- Work instruction: In the listing that follows, the lines starting at the one containing "Girls at Ramasagar lake watching birds." and ending at the one containing "The El San Juan Hotel & Casino" are to be returned exactly, both boundary lines included, and no others.
───── Given information ─────
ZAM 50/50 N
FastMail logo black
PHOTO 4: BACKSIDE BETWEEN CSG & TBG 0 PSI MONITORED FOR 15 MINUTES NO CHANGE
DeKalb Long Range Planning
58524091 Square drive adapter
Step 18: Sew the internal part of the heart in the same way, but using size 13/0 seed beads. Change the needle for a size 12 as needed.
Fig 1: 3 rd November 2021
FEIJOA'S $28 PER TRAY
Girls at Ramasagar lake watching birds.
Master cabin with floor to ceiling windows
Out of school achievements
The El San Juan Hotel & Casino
─────
───── Given information ─────
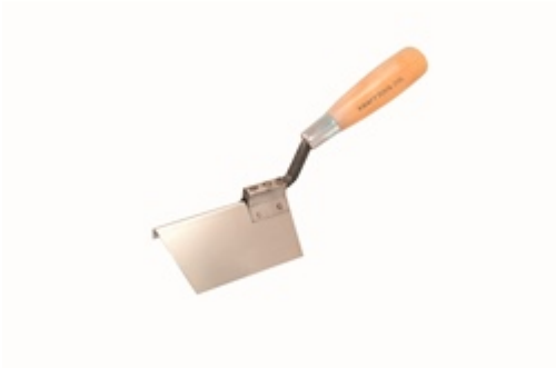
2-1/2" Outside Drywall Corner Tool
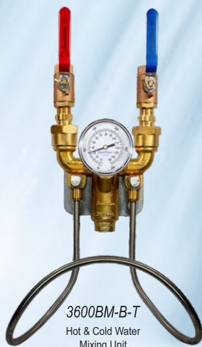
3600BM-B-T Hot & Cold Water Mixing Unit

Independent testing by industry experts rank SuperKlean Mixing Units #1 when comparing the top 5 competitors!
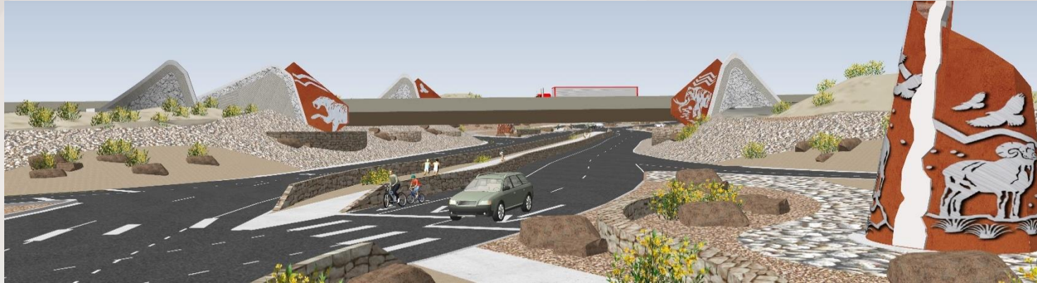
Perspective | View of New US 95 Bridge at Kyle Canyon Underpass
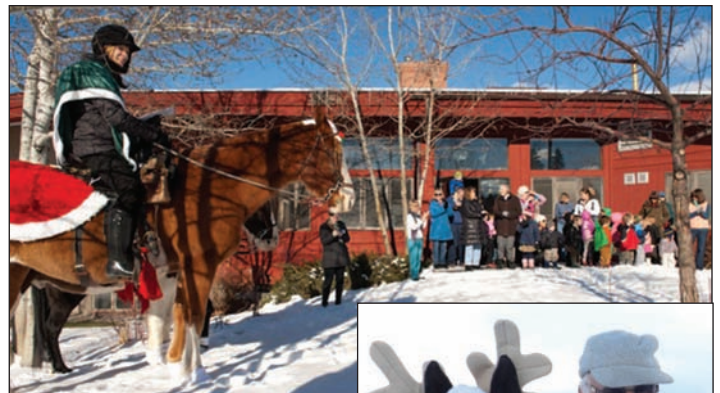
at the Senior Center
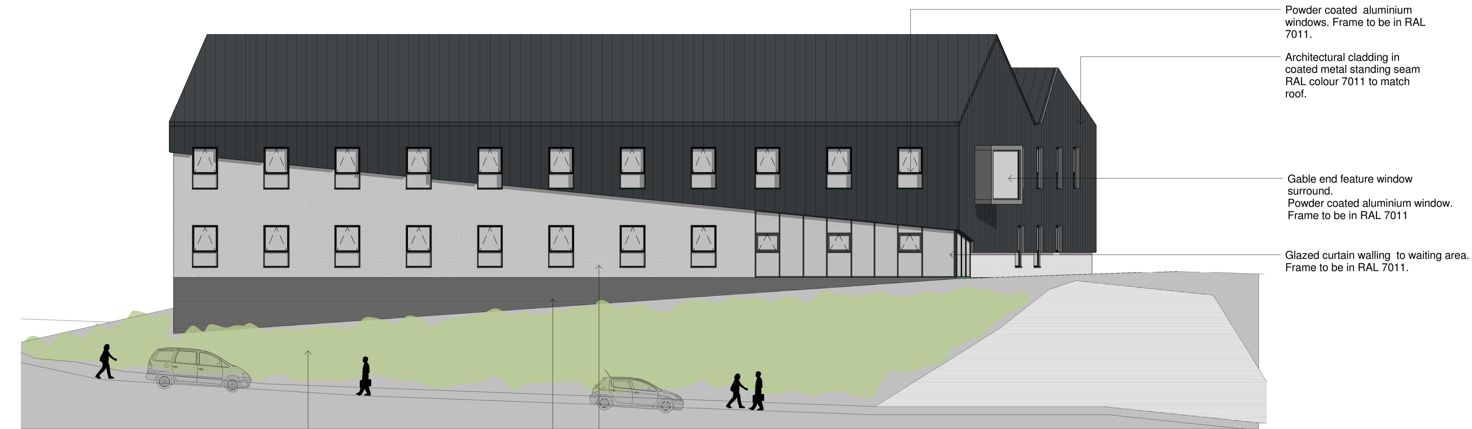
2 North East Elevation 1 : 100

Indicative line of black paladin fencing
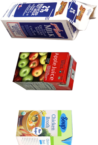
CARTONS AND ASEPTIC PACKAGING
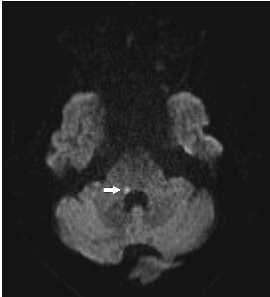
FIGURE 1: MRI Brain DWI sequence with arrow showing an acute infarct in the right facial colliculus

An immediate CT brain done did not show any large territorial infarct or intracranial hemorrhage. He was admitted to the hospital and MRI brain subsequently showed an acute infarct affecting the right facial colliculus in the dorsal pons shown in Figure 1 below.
─────
- Written answer:
Girls at Ramasagar lake watching birds.
Master cabin with floor to ceiling windows
Out of school achievements
The El San Juan Hotel & Casino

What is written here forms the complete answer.